2. Create the Cloud Function (ETL)¶
This Cloud Function is the engine of our pipeline. It will run a Python script to connect to a MySQL database, execute a query to denormalize and fetch data, and then load that data into our BigQuery table, overwriting the previous contents.
Prerequisites¶
- Enabled APIs: Ensure Cloud Functions, Cloud Build, Artifact Registry, and BigQuery APIs are enabled.
- MySQL Credentials:
DB_USER:studentDB_PASS: your project name (e.g.,john-doe-pawait-1)DB_NAME:cloud_masteryDB_HOST: your Cloud SQL instance's public IP address.
-
BigQuery Table ID: You need an existing BigQuery Dataset and table where the pipeline will load the data from our first step.

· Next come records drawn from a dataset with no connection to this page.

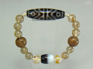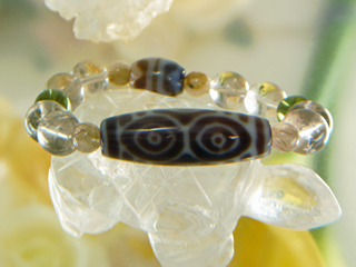 JUGEMテーマ:天然石 クリスタル パワーストーン 龍の目は六あるのだとか。 天珠のうちで龍眼天珠は、天珠の王とされる希少な天珠 です。コレクターなら一つは持ちたいと思うはずです。 四線虎牙天珠は虎四頭分の威力を持つ天珠 勝負強さにおいては、ぶっちぎりです。 虎四頭を龍が操縦している姿を想像してみましょう。 ルチルクォーツと隕石モルダバイトが美しい輝きを 添えてくれます。
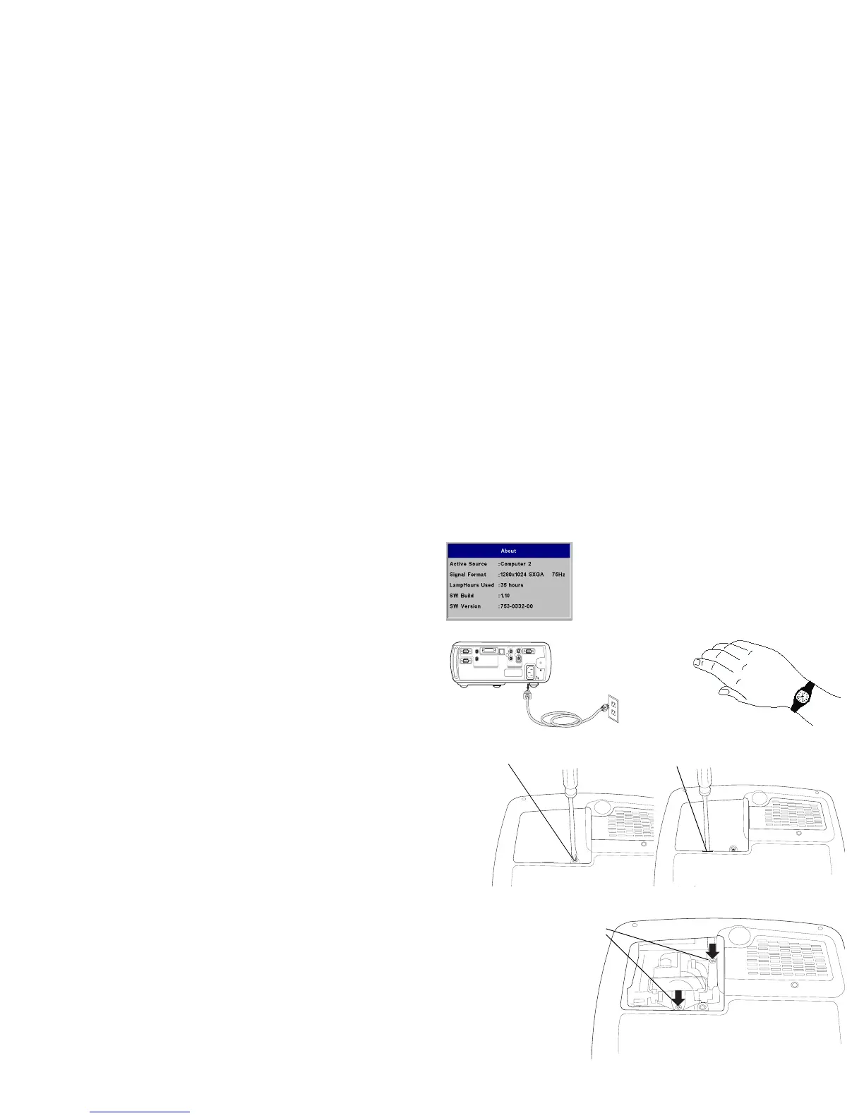• Do not drop the lamp module. The glass may shatter and cause injury.
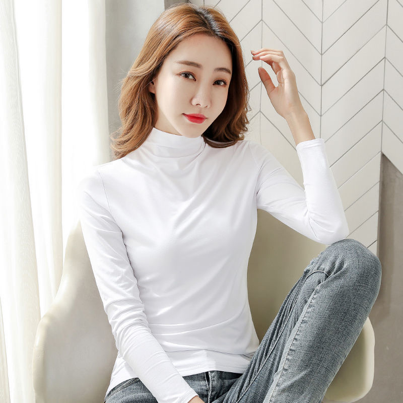 순 레드 모달 하이 칼라 [96% 비스코스 섬유, 4% 스판덱스] 긴 소매 티셔츠 여성용 가을 새로운 조커 코트
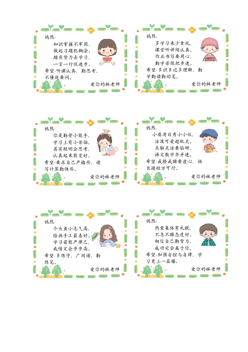 可爱七言评语 01-08 评语 10 ——预览已结束,还剩8页未读——开通会员后可免费下载高清完整文档 资源下载此资源下载价格为15米,VIP免费,请先登录 资源下载下载价格15 米VIP免费请先登录 0 0

BQ_TABLE_ID=john-higi-pawait-1.john_higi_pawait_1.cloud_mastery
Step 1: Prepare Your Code¶
Your function needs a main.py file for the logic and a requirements.txt for dependencies.
main.py
import os
import pandas as pd
import pymysql
from google.cloud import bigquery
def denormalize_and_load(request):
# Load credentials from environment variables
db_user = os.environ['DB_USER']
db_pass = os.environ['DB_PASS']
db_name = os.environ['DB_NAME']
db_host = os.environ['DB_HOST']
table_id = os.environ['BQ_TABLE_ID']
# SQL query to join tables and create a denormalized view
query = """
SELECT
o.id AS order_id,
o.orderNumber,
CONCAT(c.firstName, ' ', c.lastName) AS customer_name,
c.email,
o.orderDate,
od.product_id,
p.name AS product_name,
p.category,
od.quantity,
od.unitCost,
od.totalCost,
o.status,
o.paymentMethod
FROM orders o
JOIN customers c ON o.customer_id = c.id
JOIN order_details od ON o.id = od.order_id
JOIN products p ON od.product_id = p.id
"""
# Establish connection and fetch data into a pandas DataFrame
connection = pymysql.connect(host=db_host, user=db_user, password=db_pass, database=db_name, port=3306)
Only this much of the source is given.